I had a client with a strict font requirement. Not available in the standard editor. Custom fonts just aren't an option there. We ended up embedding a workaround through custom code, which worked, but that's not something a non-technical user is going to sort out on their own. Other things I ran into: elements auto-resizing in ways I couldn't override, limited control over column widths, and a restricted color palette for backgrounds that made matching brand colors more annoying than it should be.

If pixel-level control matters to you, this probably isn't your tool. It's built for speed, not precision.

The Builder Gets Sluggish

On pages with more than eight or nine elements, the drag-and-drop started lagging noticeably. I tested this across a few different sessions and it was consistent. Not catastrophic, but enough that I stopped reaching for it when I was in a hurry. Safari was worse than Chrome. I switched to Chrome and kept it there.

Occasionally the editor would freeze mid-session and I'd have to refresh. Usually it saved my progress, but not always. If you're on a deadline and you lose ten minutes of work to a refresh, that stings. The desktop-to-mobile preview toggle also had a loading delay that got old quickly when I was making a lot of small adjustments.

Some Common Elements Are Just Missing

I wanted to add an accordion section to an FAQ page. Not there. Image carousel? Not there either. Dropdown form fields, advanced table layouts, collapsible content blocks – none of it. For a straight landing page these gaps don't matter much. But if you're trying to build something that functions like a real website page, you'll notice what's missing pretty quickly.

Tory ran into this when he was trying to build out a more complete product page. He ended up embedding a third-party widget, which worked fine but felt like a patch rather than a solution.

Integration Gaps Cost More Than They Should

The integration library looks comprehensive until you need something specific.
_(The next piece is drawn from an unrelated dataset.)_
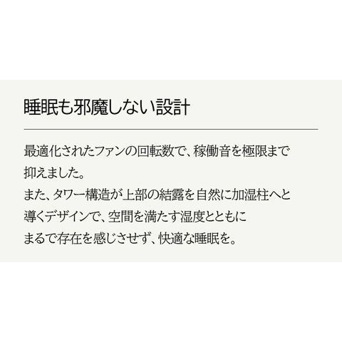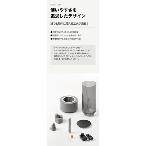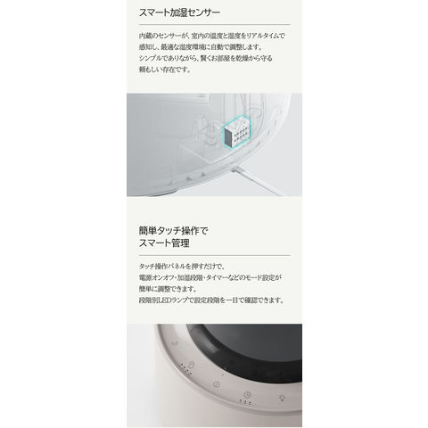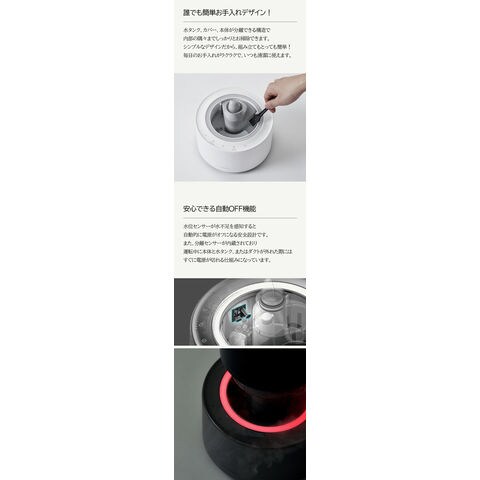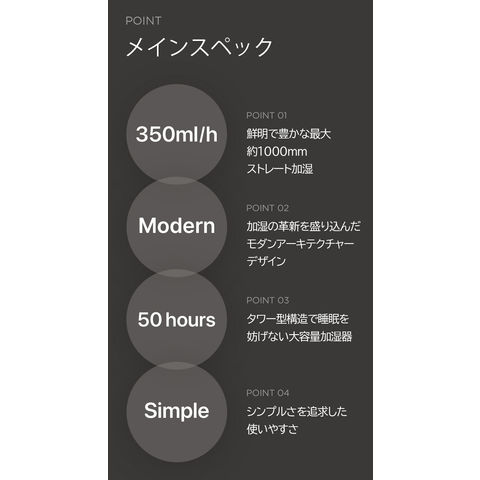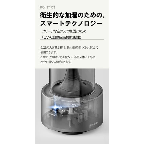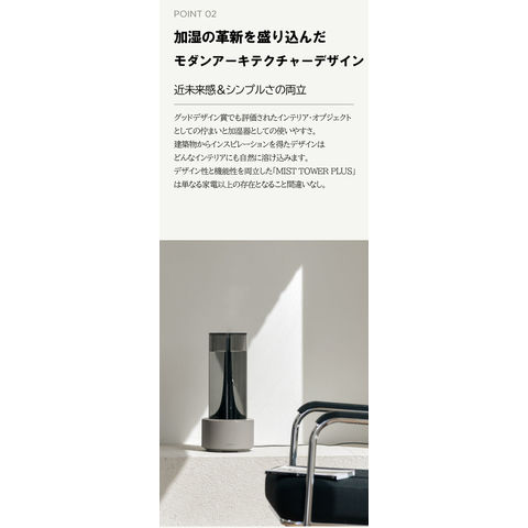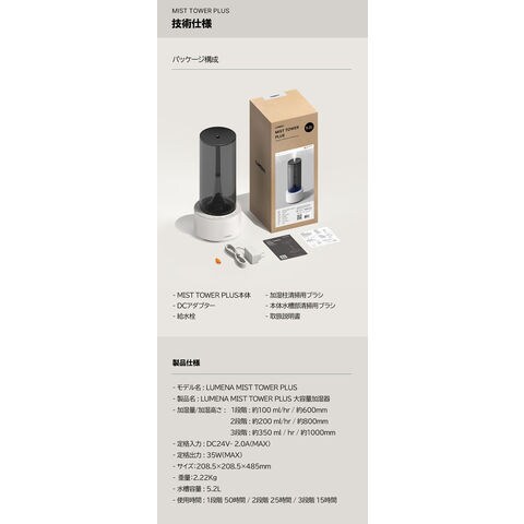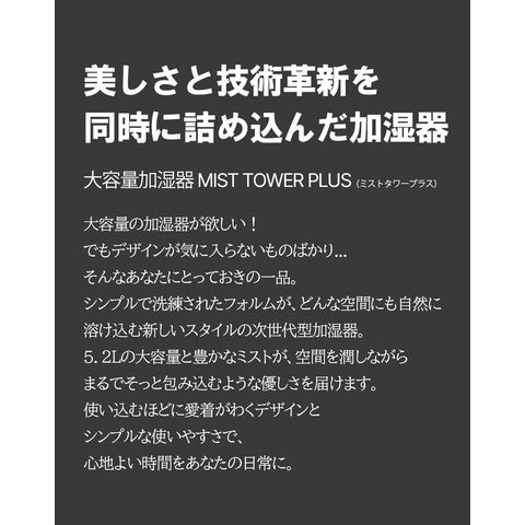 LUMENAMISTTOWERPLUS のデザインは、優雅な曲線の形状や重みのある下段部など、建築物からのインスピレーションに基づいて実現しました.大容量水槽や半透明の水槽筒など、製品の使いやすさや機能性にもこだわりました.その結果、直観的な操作と健康的な加湿を提供する優れたデザインとなりました.また、シースルーな水タンクによって、残った水の量が確認できるので、使用しながら手軽に水を補充することが可能です.ポイント 1/ 建築物からインスピレーションを得た柔らかく高くそびえる曲線の形状で最も効果的かつ美しい加湿形態を表現.ポイント 2/ 電源線を取り外さずに使用中に水の補給が可能であり、 4.3L の大容量水槽で最大 40 時間の使用が可能.ポイント 3/ ・

MailerLite doesn't have a native connection, so I routed it through Zapier, which works but adds another moving part. That's fine for one integration. Gets old if you're patching multiple things.

The bigger issue is that Salesforce and HubSpot integrations are locked to the Advanced plan, which runs significantly higher than Pro. If those are your CRM tools and you're not already on the top tier, you're looking at a steep jump to access something that most competing tools handle at mid-tier pricing.

Support Is Inconsistent

I've had good interactions and frustrating ones. The knowledge base is solid and the webinars are actually useful – I've sat through a few and came away with something each time. But email support runs 24 to 48 hours, and live chat is only available on Pro and above, only during US business hours. If you're outside that window or on the Standard plan, you're waiting.

The reviews I've seen from international users reflect that. It's not that the support team is bad – when I got a good rep, they were genuinely helpful. It's just not reliable enough to count on when something breaks at a bad time.

Billing Needs to Be Watched Closely

The trial converts automatically. That's not unusual, but they stopped sending reminder emails before renewal, so if you set it up and got busy, you might find a charge you weren't tracking. I'd seen this mentioned before I started, so I put a calendar reminder on day one. Takes ten seconds and saves the headache.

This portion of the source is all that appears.